Ketidaktahuan terhadap Al-Qur’an dan hadits pada akhirnya akan memicu kebutaan akut, dimana diantara fenomena umumnya adalah kegagalan meletakkan segala sesuatu secara tepat dan proporsional, sesuai hakikat dan martabatnya masing-masing, atau lebih dikenal sebagai tindakan zhalim. Menurut sebuah hadits, hal itu disitir dalam fenomena tampilnya para pemimpin yang bodoh (ru’usan juhhalan), yang memberi fatwa atau merumuskan kebijakan apa pun tanpa landasan ilmu, sehingga mereka sesat dan menyesatkan. Dengan kata lain, para pemimpin itu akan menyeret diri mereka sendiri dan komunitas yang dipimpinnya ke dalam kehancuran, kebingungan, atau persoalan yang semakin rumit, walau lahiriahnya kebijakan-kebijakan tersebut ditujukan untuk menjadi solusi dari suatu krisis. Kerusakan yang ditimbulkan oleh fatwa, teladan dan kebijakan yang salah biasanya jauh lebih besar dibanding kebaikan yang semula diniatkan dengannya.
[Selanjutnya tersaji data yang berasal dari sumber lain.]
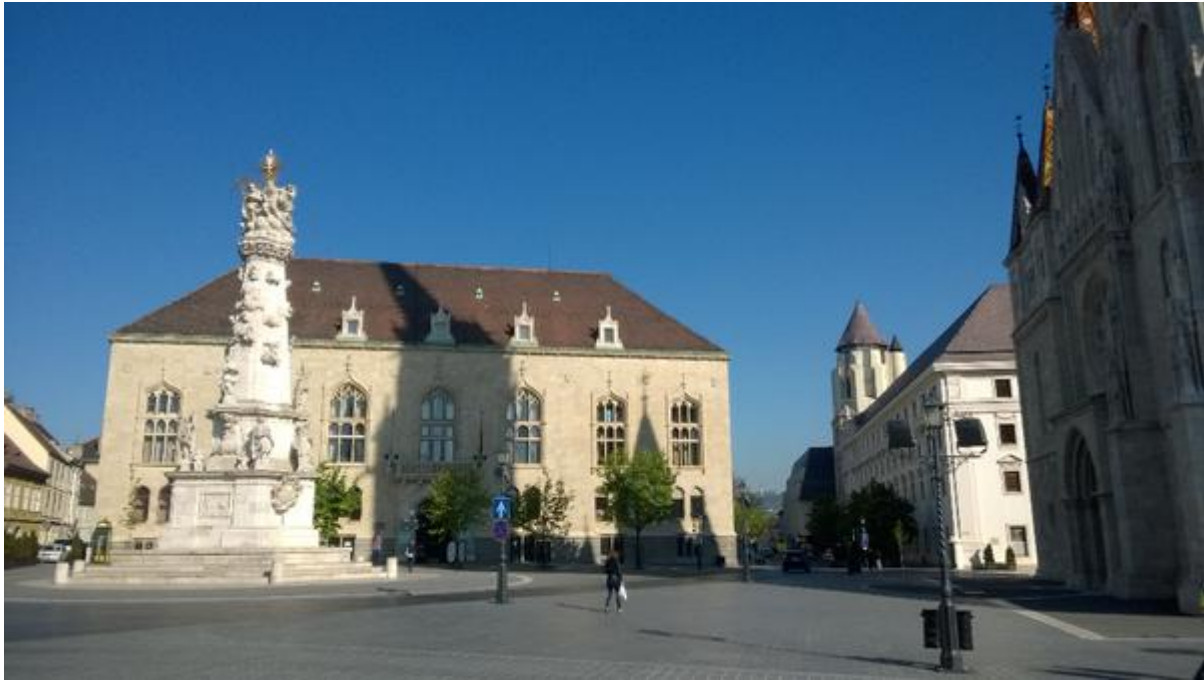
the UPC's training centre in Budapest

Potential UPC candidates could submit an expression of interest until 15 November 2013. There were 360 expressions of interest to become a legal judge, of which 124 were qualified as “outstanding”. There will be a further selection process and the current plan is that 80 legal judges and 40 technical judges will be trained in 2015 (according to a presentation by Kevin Mooney at the last EPLAW Congress). This actually means that those will be the judges that will be appointed when the UPC starts.
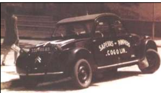
The original Cogolin

The Cogolin, also known as the 2CV Bicéphale or Two-headed 2CV, is a faithful reproduction of a unique custom car that was built in France in the 1950s. The original was dreamed up by a local fire and rescue official in the town of Cogolin in the southeast corner of the country. One night he encountered an obstruction on a narrow mountain road. There was not enough room to turn his car around, and he had to back up for several kilometers.
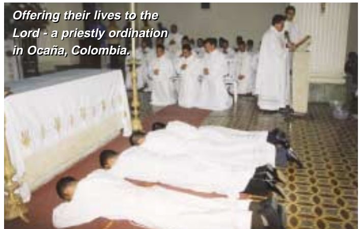
Offering their lives to the Lord - a priestly ordination in Ocaña, Colombia.

We owe to St Thomas Aquinas not only his profound reflections on love, the Trinity and the Cardinal Virtues. This great Doctor of the Church of the 13th century also gave us some wonderful hymns on the Eucharist.
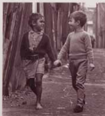
Racial discrimination, what's that? 23 May 1967 The campaign for the 1967 Referendum was widely covered in the media. Two days before the referendum, the Sydney Morning Herald included this staged photograph on its front cover.

But Aboriginal people have had mixed responses to the referendum.
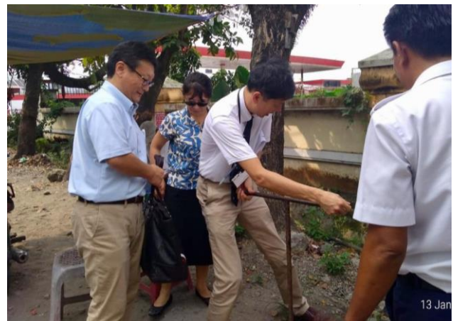
In Medan, Indonesia

After that, I was transferred to YWWB and did not have opportunities to participate in international cooperation for a while. However, when YWWB decided to implement JICA Partnership Program, to support the Water Corporation of Medan, Indonesia, I visited the site twice in 2019 for preliminary survey. The objective of the program was to improve its capacities for water purification and distribution. However, due to the outbreak and spread of the COVID 19 immediately after the field survey, activities of the project are still not yet be implemented, although we keep in touch with the Indonesian side. At present, I am dedicated to the LisCaP, however, I hope the project for Indonesia will also be active soon.
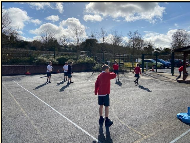
KS2 playing football in the sunshine

Diriwayatkan dari ‘Abdullah bin ‘Amr bin al-’Ash t: Nabi r bersabda, “Sesungguhnya Allah tidak mencabut ilmu secara langsung dari hamba-hamba-Nya, akan tetapi Dia mencabut ilmu dengan cara mewafatkan para ulama’, sehingga tatkala tidak ada lagi seorang ulama’ pun, masyarakat akan mengangkat para pemimpin yang bodoh, lalu mereka ditanyai dan memberi fatwa tanpa landasan ilmu, maka mereka pun sesat dan menyesatkan.”[1]
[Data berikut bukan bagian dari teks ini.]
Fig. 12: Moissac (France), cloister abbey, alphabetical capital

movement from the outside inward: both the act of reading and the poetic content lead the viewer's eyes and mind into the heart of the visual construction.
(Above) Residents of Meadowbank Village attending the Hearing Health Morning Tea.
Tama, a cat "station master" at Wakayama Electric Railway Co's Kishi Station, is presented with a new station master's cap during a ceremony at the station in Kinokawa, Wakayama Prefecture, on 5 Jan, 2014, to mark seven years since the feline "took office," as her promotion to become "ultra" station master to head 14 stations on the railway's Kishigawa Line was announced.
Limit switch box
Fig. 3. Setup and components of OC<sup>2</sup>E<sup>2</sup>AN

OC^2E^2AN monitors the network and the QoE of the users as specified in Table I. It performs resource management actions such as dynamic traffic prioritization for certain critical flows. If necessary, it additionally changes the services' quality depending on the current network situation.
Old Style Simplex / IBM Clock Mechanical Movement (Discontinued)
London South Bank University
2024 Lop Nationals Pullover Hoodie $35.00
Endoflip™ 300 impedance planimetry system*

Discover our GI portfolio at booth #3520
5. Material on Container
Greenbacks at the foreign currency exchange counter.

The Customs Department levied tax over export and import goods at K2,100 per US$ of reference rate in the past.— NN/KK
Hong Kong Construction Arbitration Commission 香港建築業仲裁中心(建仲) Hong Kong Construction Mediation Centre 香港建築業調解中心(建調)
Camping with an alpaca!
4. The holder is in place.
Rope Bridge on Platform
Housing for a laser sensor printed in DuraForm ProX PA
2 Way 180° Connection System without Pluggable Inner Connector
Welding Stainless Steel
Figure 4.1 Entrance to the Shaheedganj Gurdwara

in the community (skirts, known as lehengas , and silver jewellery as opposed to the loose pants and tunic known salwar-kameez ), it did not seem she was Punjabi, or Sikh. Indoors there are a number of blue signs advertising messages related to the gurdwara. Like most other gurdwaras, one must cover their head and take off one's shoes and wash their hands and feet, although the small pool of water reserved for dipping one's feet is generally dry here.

‘Umar bin ‘Abdul ‘Aziz menulis surat untuk penduduk Madinah (yang isinya): “Siapa saja yang beribadah tanpa ilmu, maka apa yang ia rusak lebih banyak dibanding yang ia perbaiki....”[2]
Al-Hasan al-Bashriy berkata, “Carilah ilmu dengan kesungguhan yang tidak membahayakan ibadah, dan carilah ibadah dengan kesungguhan yang tidak membahayakan ilmu. Sebab, siapa saja yang beramal tanpa dasar ilmu, maka ia lebih banyak merusak dibanding memperbaiki.”[3]
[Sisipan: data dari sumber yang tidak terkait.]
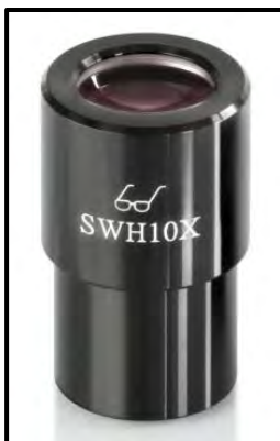
High Eye Point eyepiece (identified by the glasses symbol)
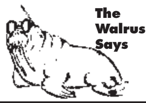
The Walrus Says
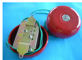
ALARM BELL 4" INPUT: DC 6V INPUT: DC 12V
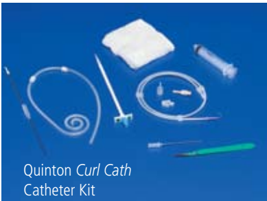
Quinton Curl Cath Catheter Kit
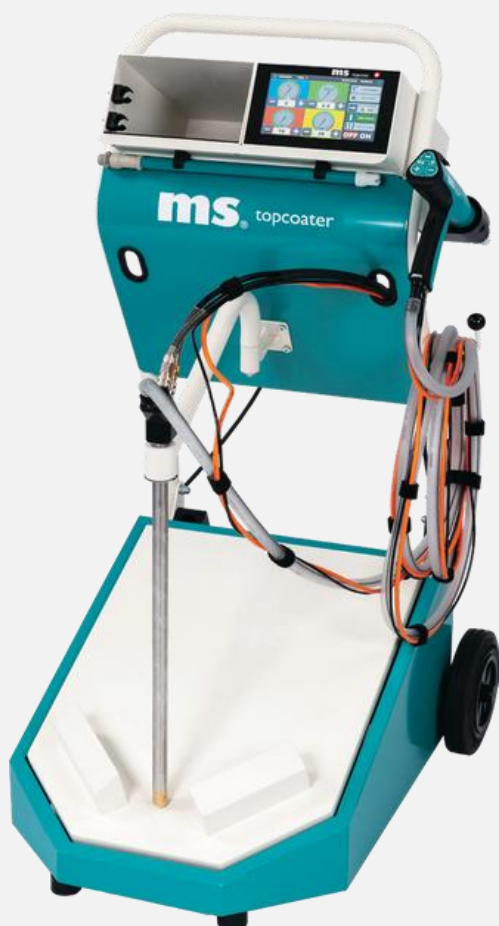
Topcoater Speedy Single Gun Type
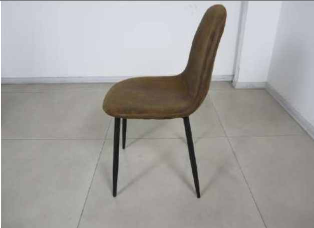
Item CH2163 (3)
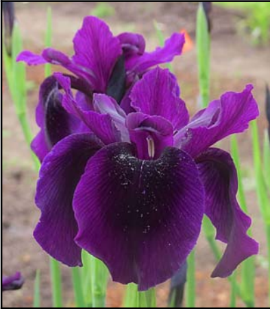
'Black Garnet' Reid 1996
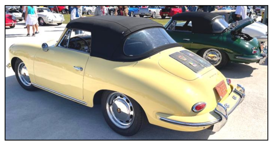
Champagne Yellow and Irish Green C Cabs
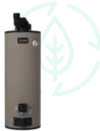
Power Direct (50 gal)
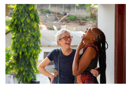
<u>This short film</u> tells the story of New Hope for Girls and shares the next step this incredible family is ready to take with your support.
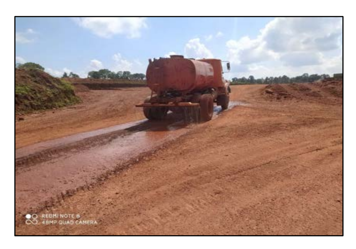
Pic: Water sprinkling on mines haul road.
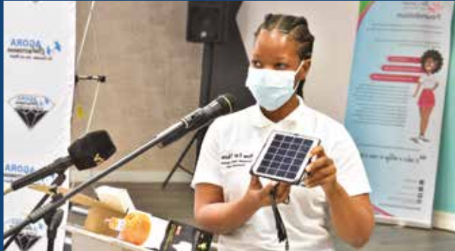
Capacity building on how solar lamps work and should be used
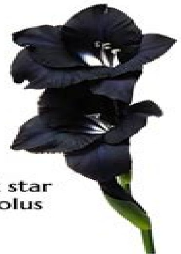
black star gladiolus
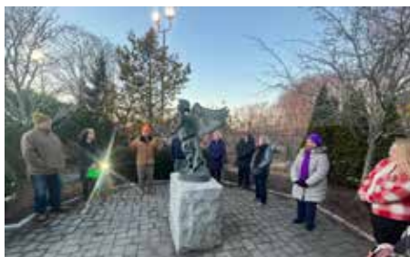
The Auxiliary held its 38th annual “Lights of Love” campaign which invites the community to remember or honor a loved one and to support Westerly Hospital and the caregivers that touch the lives of thousands of patients to provide hope, healing and recovery.

Di masa silam, jauh sebelum ilmu-ilmu lain berkembang di tengah-tengah kaum muslimin, istilah “ilmu” selalu berkonotasi hadits dan sanad-nya. Sebab, bagaimanapun juga hal yang paling berguna adalah memahami Al-Qur’an, dimana ia tidak mungkin dicapai tanpa berita yang bersambung kepada Rasulullah r dan para sahabatnya. Bahkan, cara membaca teks Al-Qur’an itu sendiri pun harus ditransmisikan dari generasi ke generasi melalui sanad, yang dikenal sebagai ilmu qira’at, tidak semata-mata berpegang kepada eksistensi teks tertulis sebagaimana disangkakan oleh sebagian Orientalis. Secara alami, situasi inilah yang mendorong lahirnya Ilmu Hadits, baik dirayah maupun riwayah. Kisah-kisah perjalanan para pencari ilmu di masa silam pada dasarnya adalah kisah para pencari hadits, bukan ilmu-ilmu lainnya. Hadits atau atsar adalah ilmu pertama dalam Islam. Tepatnya, generasi awal umat ini hanya mengerti makna “ilmu” sebagai Al-Qur’an dan Sunnah, dalam pengertiannya yang paling komprehensif. Tradisi pendidikan pertama di dalam Islam adalah pendidikan hadits itu sendiri, yang mewarnai hampir seluruh aspek dan kemudian berkembang menjadi aneka disiplin ilmu yang spesifik.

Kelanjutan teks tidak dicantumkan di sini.